Requirement -
From the line below containing "Короткий отпуск с" to the final line, print each line exactly as written. No pictures belong in the copy.

Dataset excerpt -
+++
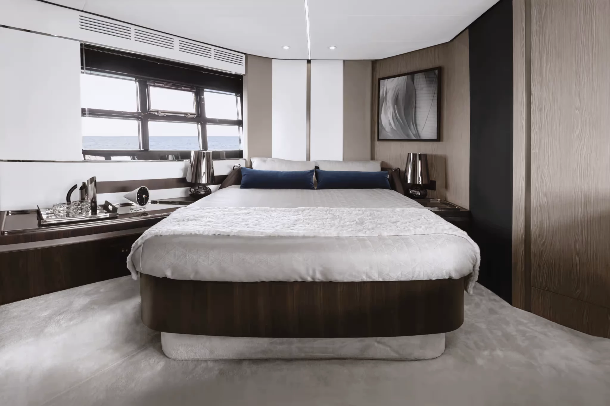 Adentro, el S6 equilibra espacio y función. Su distribución incluye tres camarotes para invitados más un camarote para la tripulación., con capacidad para seis huéspedes cómodamente. Dos baños completos dan servicio a los huéspedes., y hay un jefe de equipo dedicado. La luz natural procedente de las amplias ventanas del casco y la cuidadosa selección de materiales contribuyen a una sensación de apertura sin comprometer la integridad estructural o el rendimiento..
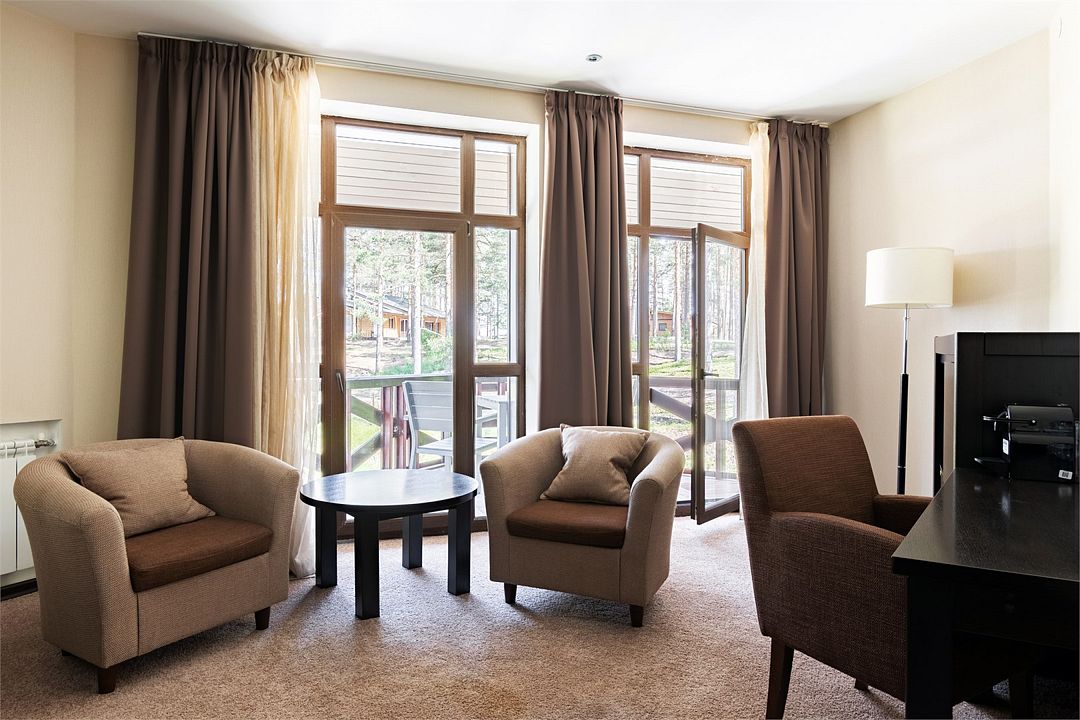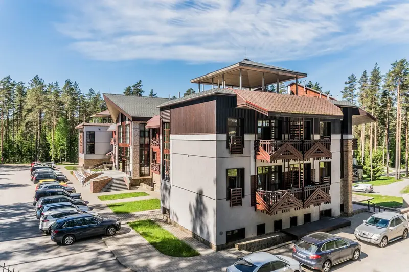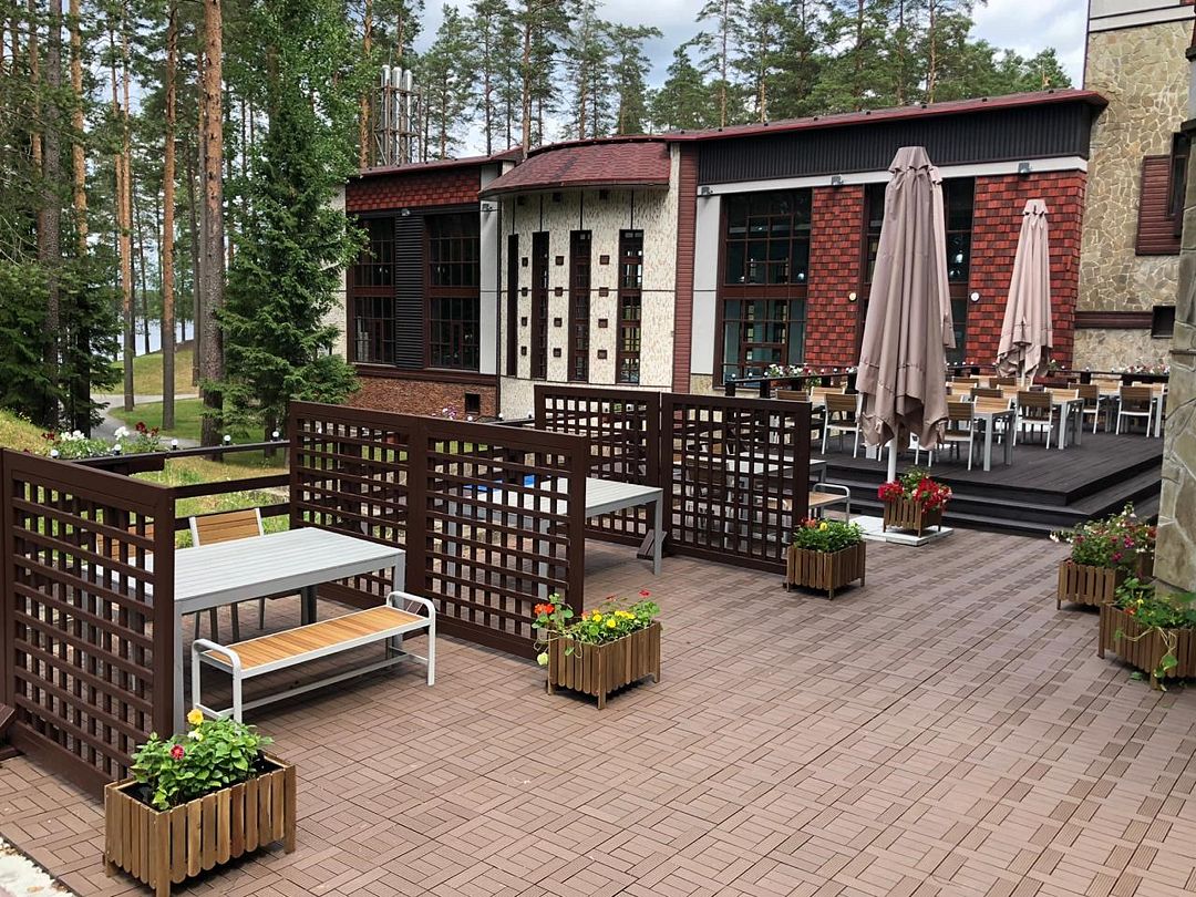 Короткий отпуск с друзьямиОчень хорошоНаверное, лучшее соотношение цена-качество в Ленобласти. Территория великолепная - сосны, озеро, можно гулять целый день. Большой бассейн. Номера не новые, но просторные. Дизайн, конечно, мрачноватый, его бы обновить... Еда в ресторане неплохая, а если с видом на озеро, то полный дзен. Завтраки хорошие. Единственный момент - на завтраке удивили сотрудники ресторана из стран СНГ, практически не говорящие на русском, работающие на раздаче и при этом 'тыкающие' гостям. В остальном все было замечательно.
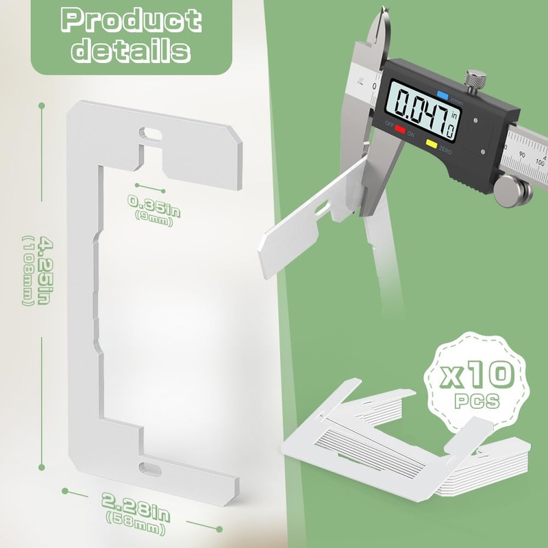 - - Exact size for perfect fit: Each electrical outlet spacers shims measures 0.047 x 2.28 x 4.25 inches, offering a precise fit for a wide range of outlet fix. These dimensions are carefully calibrated to ensure compatibility with standard electrical box thicknesses and to maintain a seamless and professional appearance
+++
Expected answer -
 Короткий отпуск с друзьямиОчень хорошоНаверное, лучшее соотношение цена-качество в Ленобласти. Территория великолепная - сосны, озеро, можно гулять целый день. Большой бассейн. Номера не новые, но просторные. Дизайн, конечно, мрачноватый, его бы обновить... Еда в ресторане неплохая, а если с видом на озеро, то полный дзен. Завтраки хорошие. Единственный момент - на завтраке удивили сотрудники ресторана из стран СНГ, практически не говорящие на русском, работающие на раздаче и при этом 'тыкающие' гостям. В остальном все было замечательно.
 - - Exact size for perfect fit: Each electrical outlet spacers shims measures 0.047 x 2.28 x 4.25 inches, offering a precise fit for a wide range of outlet fix. These dimensions are carefully calibrated to ensure compatibility with standard electrical box thicknesses and to maintain a seamless and professional appearance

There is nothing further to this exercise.